On the subject of luxury markets, one commentator on The Drum recently claimed that “value is no longer found in tangibles and material goods. Instead it is found in the intangibles. Time, space, freedom, personalization and possibility”.

Not quite. Both alienated toil, and the ennui that would arise from an intangible world, are the enemies of possibility. We may desire freedom in the abstract, but we dream of tangible opportunities.

Perhaps most brands underestimate people’s penchant for a challenge, an opportunity to perform and find acclaim, to test or better themselves, to help someone else, or make something of enduring value.

As philosopher Alain de Botton has pointed out, brands could do a much better job of serving people’s higher needs for things like community, friendship, self-development and so on.

These are effortful domains that many of us would dedicate more time to if only the right opportunities were in place.
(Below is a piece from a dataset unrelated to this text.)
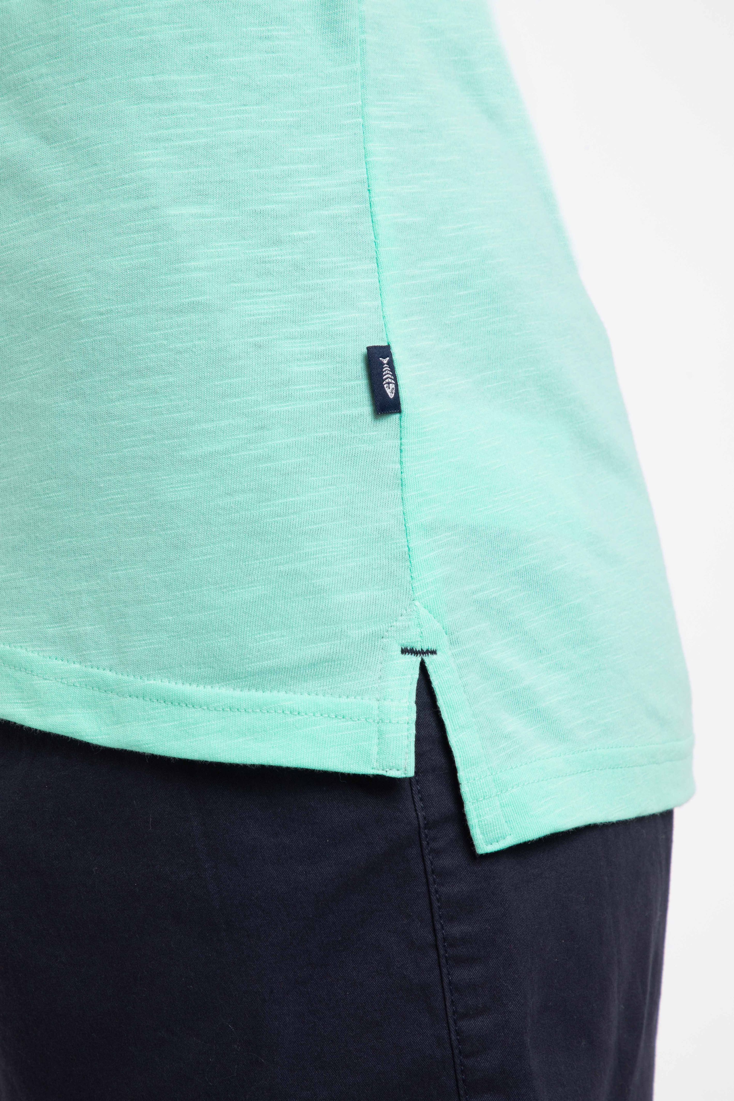 The Annare 3/4 Sleeve Jersey Trophy Neck Top is a soft and comfortable T-Shirt, with the unusual neckline, elevating this to be more than your average style, with a slub texture and a slight drop-tail back.

If only the opportunities were convenient.

Many of these so-called higher needs, far from being the spoils of lofty and introspective pursuits, are achieved through social and practical activity. Cooking is an obvious example, and here companies like Blue Apron have created new territory by encouraging people to “discover dinner”, or rather the making of dinner, via their service.

Perhaps there are two kinds of convenience that brands can offer. Convenience can mean optimising for instant reward (luxury microwave meals) or earned reward (Blue Apron). The two are qualitatively different.

The later requires a blending of ease and effort, skillfully arranging them in the right places and in the right doses. Imaginative, alchemical innovation of this sort represents fertile ground for brands.

Admittedly, encouraging people to work for something in an edifying and non-patronising way requires a good deal of tact. As another commentator on this website says, the best brands act as sage parents, “They combine the thoughtful confidence of the Mad Men with genuine concern for promoting our best interests. They are neither arrogantly authoritarian nor obsequiously obliging.”

If we accept predictions that (for many of us at least) the world of work will become less intrinsically rewarding, the masses may look to the market for meaningful opportunities.

Will life’s prime want be left wanting?